After a six-week comment blitz that generated 1,378 missives from riders, advocates and elected officials, the agency has softened a handful of the fare changes up for a board vote on Tuesday, September 30. As in: fewer “are you kidding me?” moments at the turnstiles and on the rails.
“These changes are being proposed following an extensive public comment period in which 1,378 comments were submitted from customers, advocates and elected officials across the service area,” the MTA said in a statement released last week.
Here’s the useful stuff: The weekly cap for subway and bus riders—the thing where you ride free after 12 paid taps in seven days—won’t jump to $36 after all; it’s now proposed at $35. That’s a hair under a 3-percent bump and preserves the all-important 12-ride threshold that turns the rest of your week into gravy.
Commuter rail tickets also get a sanity check. Instead of expiring four hours after purchase, all one-way LIRR and Metro-North tickets—paper or mobile—would be good until 4 am the following day. This means that if dinner runs long or your train vanishes from the board, your ticket won’t.
Families win, too: the $1 “family fare” would expand to include kids 17 and under (up from 11) and would be valid all day, every day, including the weekday morning rush that was previously off-limits. And for riders west of the Hudson, the previously proposed 4.4-percent increase on Metro-North’s Pascack Valley and Port Jervis lines is off the table.
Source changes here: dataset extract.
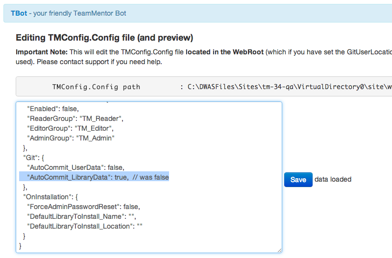 Go back to TBot and reload the UserData (which will trigger a Git Pull and Push of the UserData repo):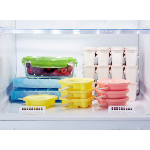 El molde contiene una tapa para proteger el helado de los olores. Los moldes son apilables entre ellos para ahorrar espacio en el congelador o al almacenarlos.

The broader fare-and-toll hike itself isn’t changing, however—just the timing. The MTA says the system-wide increase is now slated for January 2026, aligning with the rollout of full tap-and-go across subways and buses. Under that package, the base subway and local bus fare would move from $2.90 to $3, and the weekly cap would lock at $35 once those 12 taps are in the books. The agency notes it fielded roughly four times as many comments as during the 2023 hike cycle, which likely helped nudge these revisions.
If you pushed back, this is your tiny victory lap. The board votes Tuesday: if approved, the rider-friendly tweaks ($35 cap, next-day ticket validity, expanded family fares and no West-of-Hudson bump) would be baked into the 2026 fare framework.
Consider it proof that showing up (and writing in) matters, even in the labyrinth of transit policy. For now, keep tapping, keep the feedback coming and maybe—just maybe—budget for one less rage-coffee this week.